▶ [Instructions to follow]:
In the listing below, find the line with "04/27/2021 to present, Claimant" and copy every line from there up to and including the line with "ALLNUTRITION COLLAGEN PRO", exactly and without pictures.

▶ [Records for processing]:
============

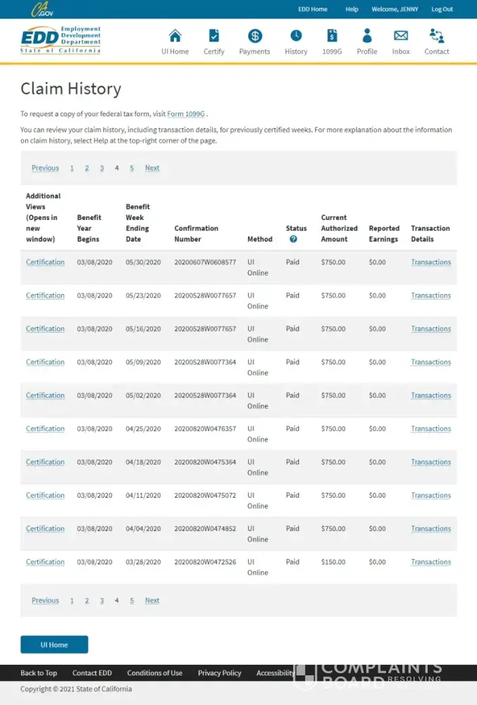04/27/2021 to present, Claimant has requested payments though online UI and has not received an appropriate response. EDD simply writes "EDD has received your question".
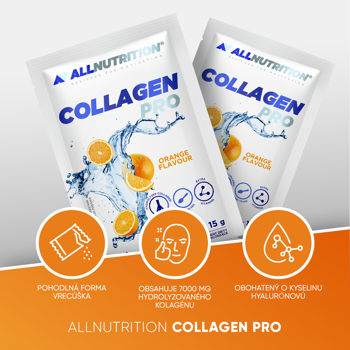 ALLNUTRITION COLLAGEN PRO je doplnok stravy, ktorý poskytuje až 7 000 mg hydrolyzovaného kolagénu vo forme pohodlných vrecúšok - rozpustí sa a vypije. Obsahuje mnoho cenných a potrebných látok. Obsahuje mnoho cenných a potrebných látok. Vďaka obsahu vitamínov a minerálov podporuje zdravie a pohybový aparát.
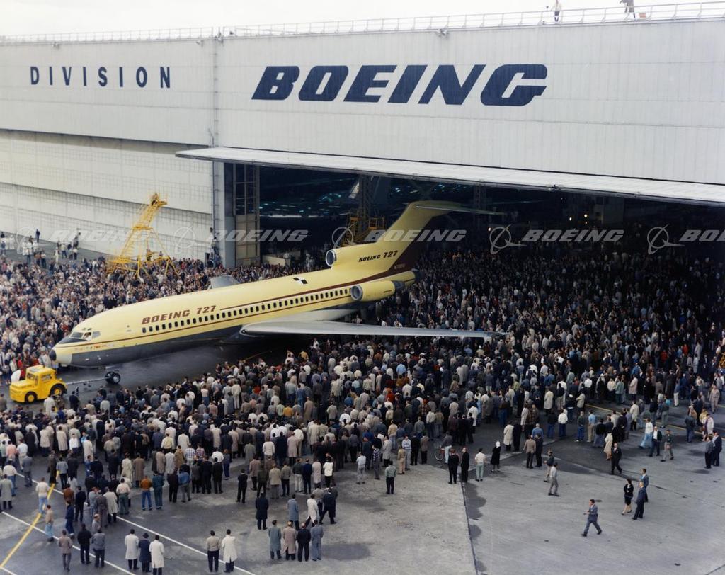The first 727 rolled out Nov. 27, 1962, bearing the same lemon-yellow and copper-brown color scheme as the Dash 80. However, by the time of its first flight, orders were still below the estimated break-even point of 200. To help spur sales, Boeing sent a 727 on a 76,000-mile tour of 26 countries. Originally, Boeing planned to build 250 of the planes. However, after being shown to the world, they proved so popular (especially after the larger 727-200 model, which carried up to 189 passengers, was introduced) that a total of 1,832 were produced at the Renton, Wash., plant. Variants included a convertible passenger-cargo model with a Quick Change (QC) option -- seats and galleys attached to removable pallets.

============

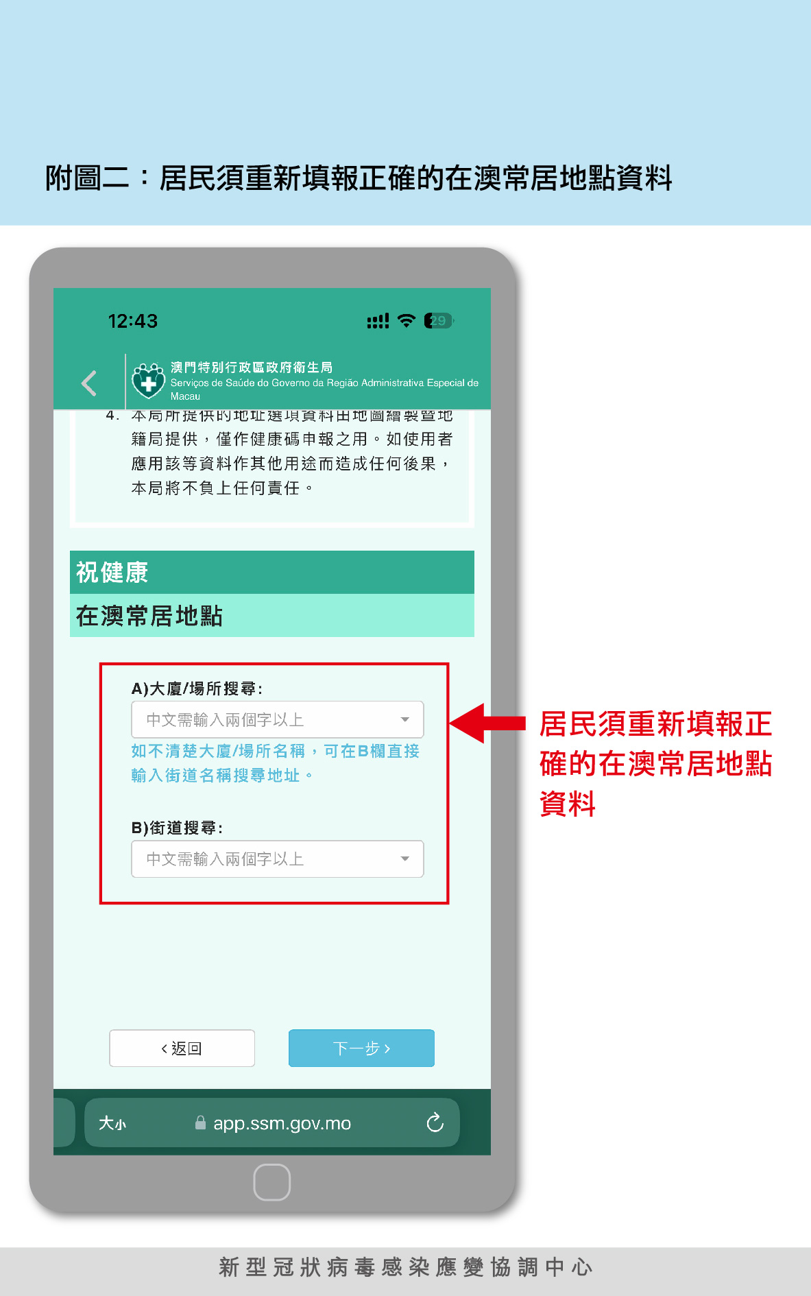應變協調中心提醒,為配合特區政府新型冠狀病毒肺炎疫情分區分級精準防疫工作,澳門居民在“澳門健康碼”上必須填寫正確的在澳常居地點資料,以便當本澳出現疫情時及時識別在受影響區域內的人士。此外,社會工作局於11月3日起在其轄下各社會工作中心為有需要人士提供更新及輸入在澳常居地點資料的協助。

============

▶ [Exercise output]:
04/27/2021 to present, Claimant has requested payments though online UI and has not received an appropriate response. EDD simply writes "EDD has received your question".
 ALLNUTRITION COLLAGEN PRO je doplnok stravy, ktorý poskytuje až 7 000 mg hydrolyzovaného kolagénu vo forme pohodlných vrecúšok - rozpustí sa a vypije. Obsahuje mnoho cenných a potrebných látok. Obsahuje mnoho cenných a potrebných látok. Vďaka obsahu vitamínov a minerálov podporuje zdravie a pohybový aparát.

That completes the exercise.